I was hoping someone might be able to help me in calculating dice probability with custom dice. The desired outcome would be being able to change the values on a 6 sided die (rather than 1-6), as well as the number of dice being rolled, and solve for the probability that outcome A or outcome B, ect would occur when all dice are rolled at the same time.
For example, as I have been trying to figure this out, I have been using two custom dice. Essentially one for an "attack" roll and another one defending. The dice are both d6 but with different values on each side.
Attack Die: [0,1,1,1,2,2] Defense Die: [0,0,-1,-1,-1,-2]

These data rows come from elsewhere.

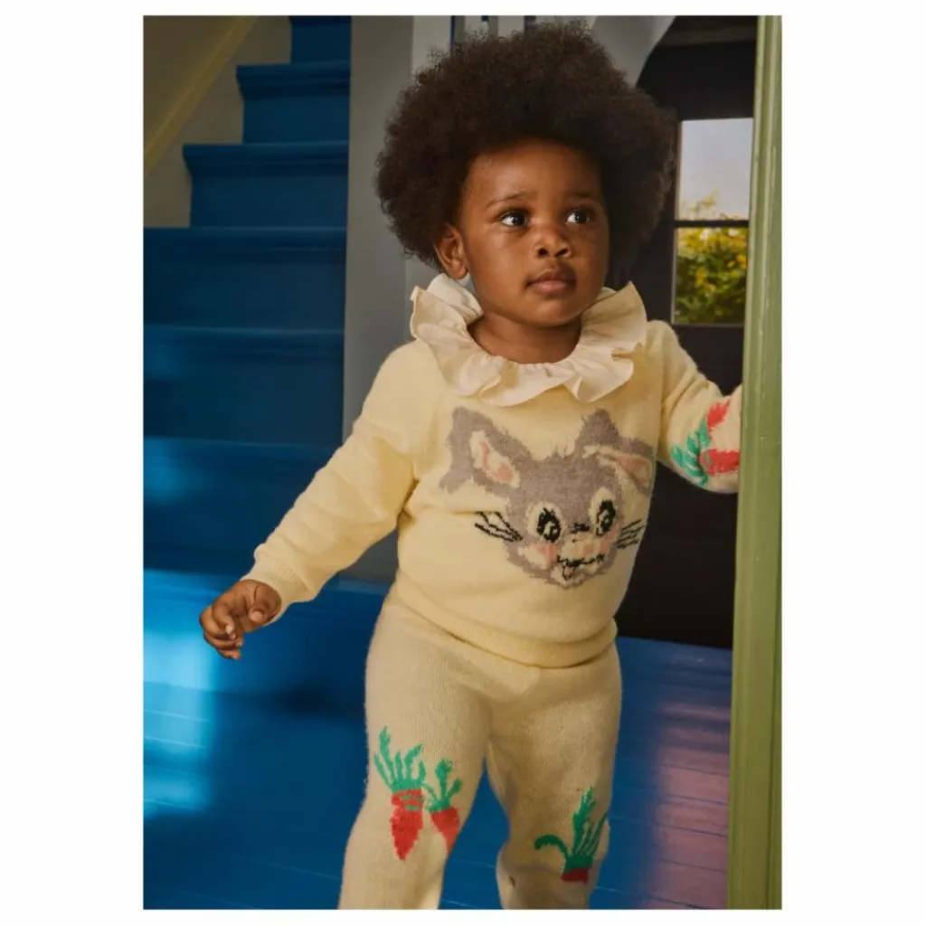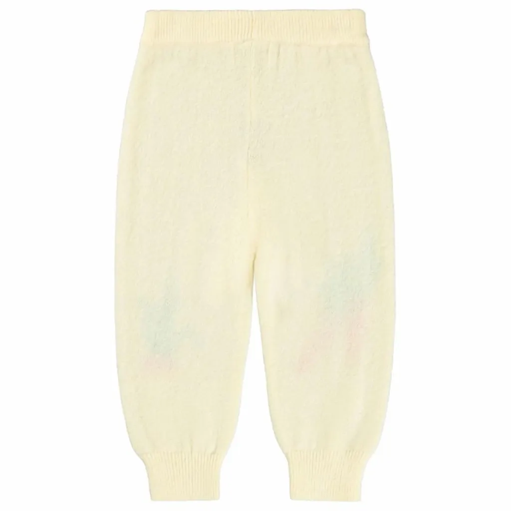 - Ce pantalon jaune clair de Molo est fabriqué en tricot doux avec des carottes aux genoux. Le pantalon a un élastique à la taille et des poignets côtelés aux chevilles.
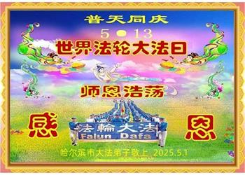 Đệ tử Đại Pháp ở Cáp Nhĩ Tân chúc mừng Ngày Pháp Luân Đại Pháp Thế giới và kính chúc Sư tôn sinh nhật vui vẻ! (19 lời chúc)
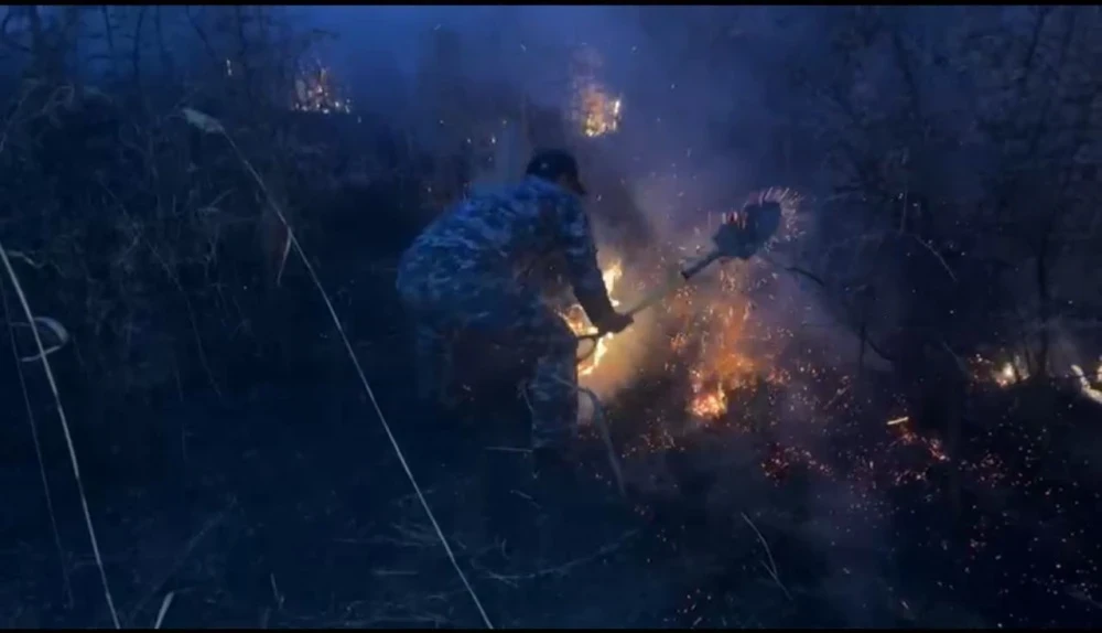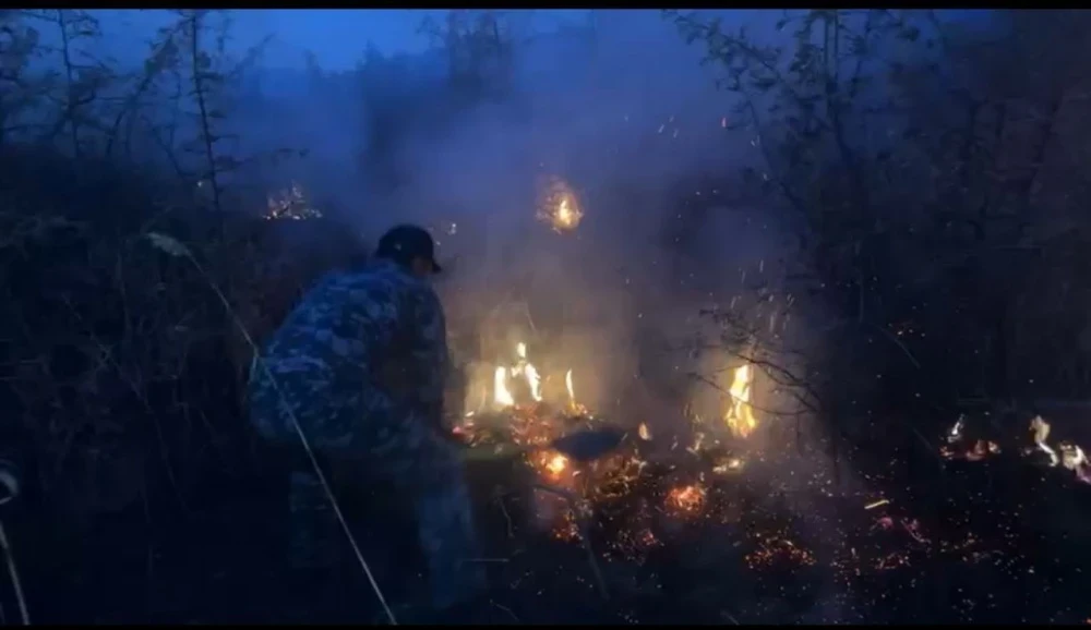 На Иссык-Куле сотрудники туристическо-экологической милиции остановили лесной пожар
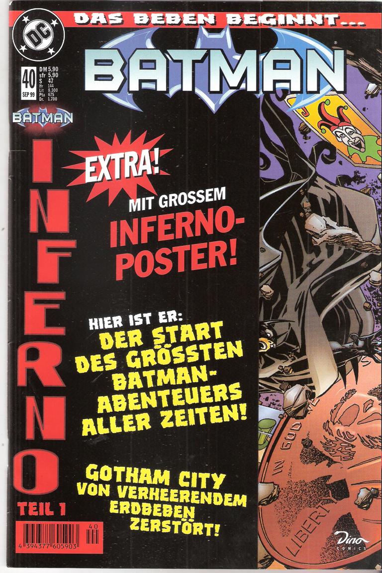 Batman Nr. 40/1999Inferno Teil 1 von 4Verlag: DC Sept.1999Heft, Format: 17 cm x 25,5 cm Gewicht: 130 gZustand: gutComic
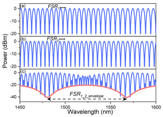 Interference patterns of (a) interferometer 1 and (b) interferometer 2, (c) the superposition of the two output signals (FSR1 ~ FSR2), using the Vernier effect in a series configuration.
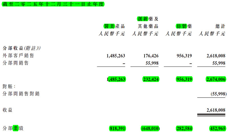 醫美業務的收益約為人民幣1,485.3百萬元(二零二四年:人民幣744.2百萬元),同比上升約99.6%(約人民幣741.1百萬元)。其中,核心大單品樂提葆®憑藉銷售渠道持續下沉與覆蓋拓,實現超8,000家醫療美容機構覆蓋,1,500家重點醫美機構覆蓋,推動收益穩健增長;新獲批產童顏針(回顏臻® 和斯弗妍®)、少女針(傾研®)上市後表現亮眼,含L-肌肽動能素凍妍®填補細分市場空白,為醫美業務收益貢獻重要增量動力;同時,公司依託全品類合規產品矩陣局,推行多品種組合行銷策略,大力推動包括樂葆+、魔力童顏等組合方案,進一步推動整體銷售規模快速提升,成為本集團營收增長的第一驅動力。
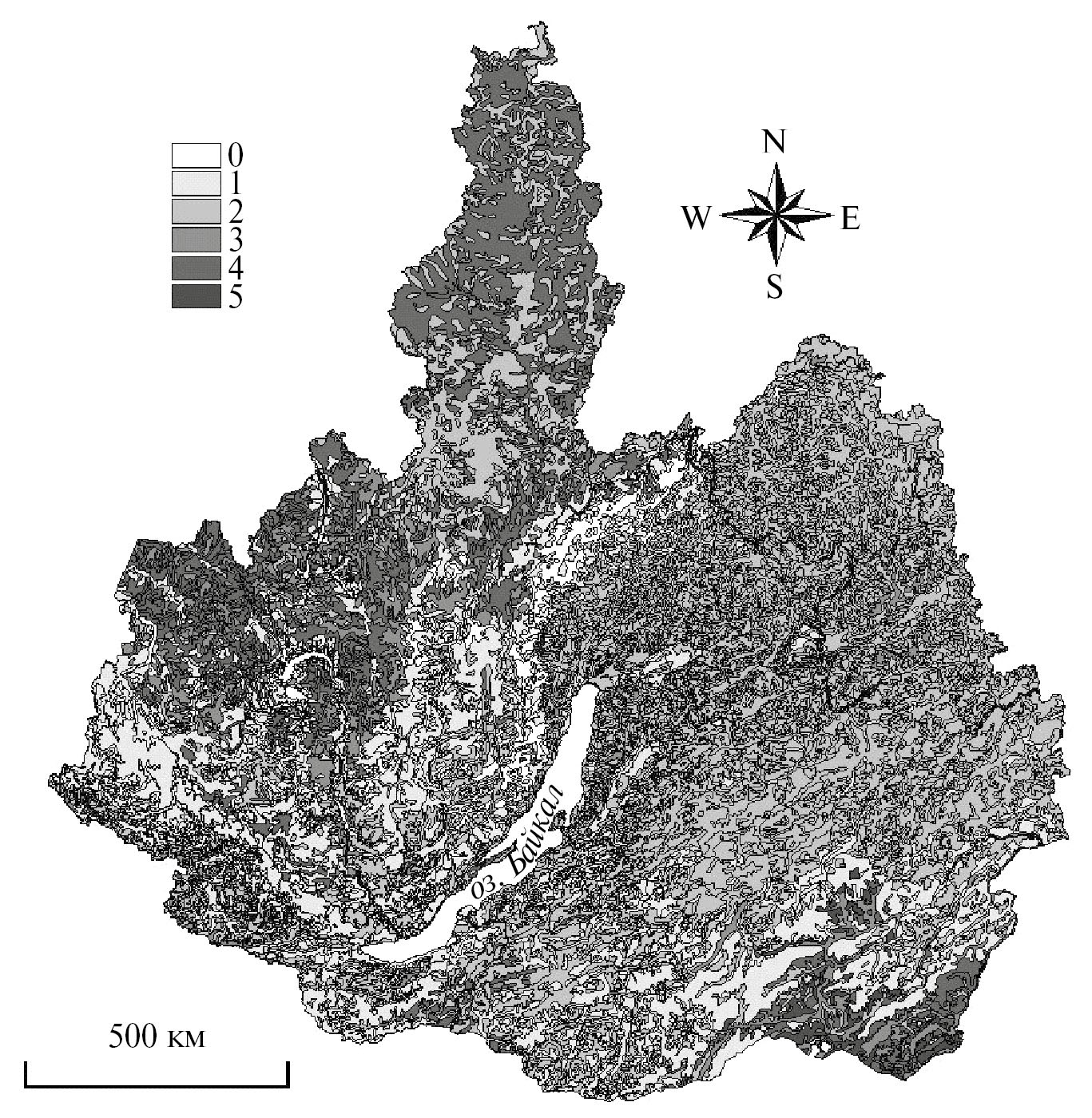 Fig. 5. Quantum levels (0–5) of the spatiotemporal variability of the geomes of Baikal Siberia according to the geographical characteristics of the location height. The boundaries of different geome sare shown.
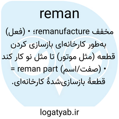 مخفف remanufacture؛ • (فعل) به‌طور کارخانه‌ای بازسازی کردن قطعه (مثل موتور) تا مثل نو کار کند • (صفت/اسم) reman part = قطعهٔ بازسازی‌شدهٔ کارخانه‌ای.
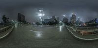 A stunning view of downtown Los Angeles at night, captured through a spherical fisheye lens. The city's modern architecture and high-rise buildings are reflected in the wet streets, creating a mesmerizing cityscape.
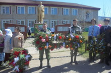 Хөрмәтле ветераннарыбыз өчен үткәрелгән бәйрәмнән соң, Бөек Ватан сугышында һәлак булганнар истәлегенә һәйкәл янына Дан гирляндасын кую тантанасы булды.
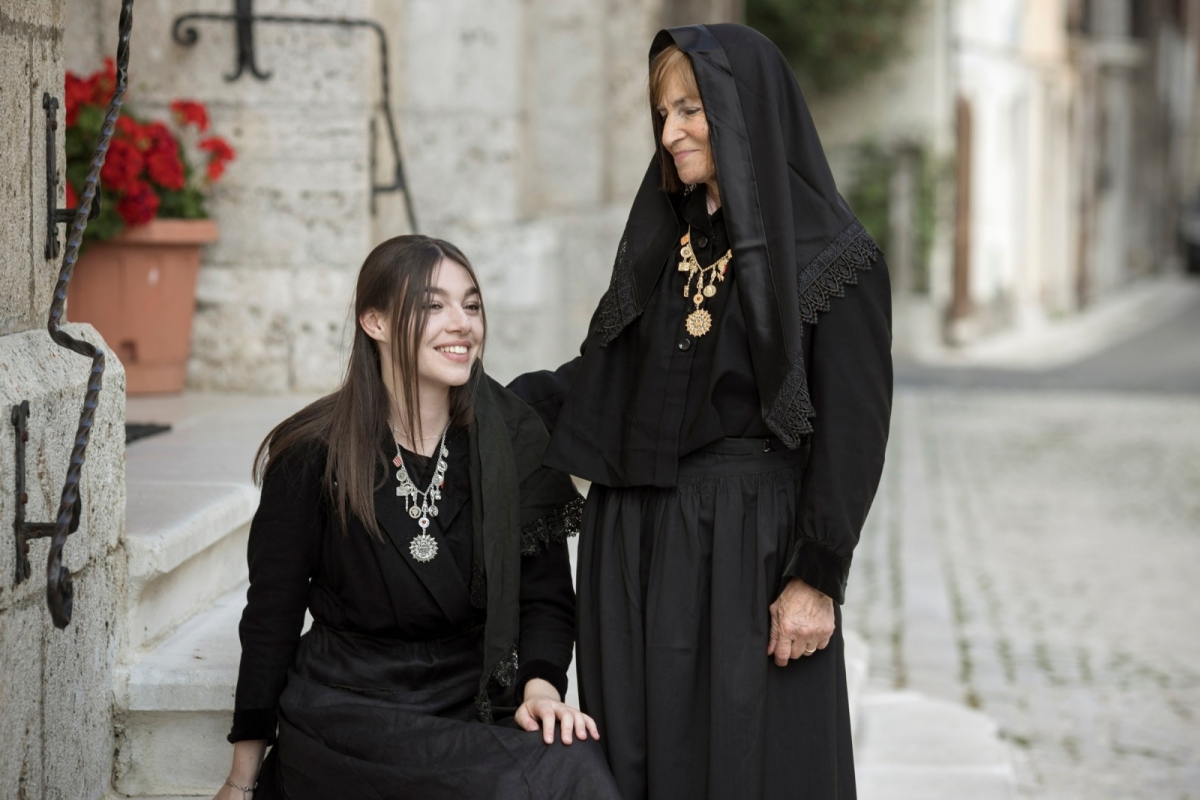 Per l'occasioni le donne forti e gentili abruzzesi, Maria Elena Leone, Pietronilla Saltarelli e Michela Saltarelli, hanno indossato Il costume tradizionale femminile di Pescasseroli. L'abito nero, che ha sostituito quello antico sfarzoso e vivace, venne introdotto intorno al 1846 quando alcune donne di Pescasseroli che si recavano a Ischia per delle cure termali furono oggetto, a Napoli, di curiosa e indiscreta attenzione. Le donne trovarono rifugio a Procida dove scambiarono i loro costumi con quelli delle donne locali. Tornate poi a Pescasseroli decisero di usare quel costume anche per la quotidianità.

The negative numbers are meant to reduce the total amount of damage the attack die would otherwise deal. This could perhaps be easier calculated using [0,0,1,1,1,2] and subtracting the outcome from the attacking die. I was able to make a chart showing the number of chances a certain outcome could occur if one of each of these was used:
I divided the number of chances each possible outcome had of occurring by the total number of possible outcomes and got my probability for each. The problem I have is calculating anything beyond two dice. I am pretty savvy with Excel, so I am trying to make a spreadsheet where I change the number of dice, or can tweak the faces of each die and the outcomes would adjust accordingly. Is there a simplified equation I can use that would factor in these variables and give the probability of a desired outcome?
Thank you for your time, I hope this post makes sense :)
Say you have $n$ attack dice. Then the total attack points $TA$ has possible values $0$ through $2n$. Now: to calculate the chance of the total attack points being $i$, i.e. $P(TA=i)$, note the following ways to get $i$ points:
If $i$ is even, i.e. $i=2k$, and $i \le \frac{n}{2}$, then you can either have $k$ dice with $2$, and $n-k$ dice with $0$, or $k-1$ dice with $2$, $2$ dice with $1$, and $n-k-1$ dice with $0$ or .... or $0$ dice with $2$, $i$ dice with $1$, and $n-i$ dice with $0$. So:
$$P(TA=i=2k)=\sum_{j=0}^k (\frac{1}{3})^j \cdot (\frac{1}{2})^{i-2j} \cdot (\frac{1}{6})^{n-i+j} \cdot {n \choose j} \cdot {{n-j} \choose {i-2j}}$$
You should be able to create likewise formula's for when $i > \frac{n}{2}$ (I would treat that one separately, since now you definitely need some number of dice with a $2$), and then likewise two formulas for when $i$ is odd.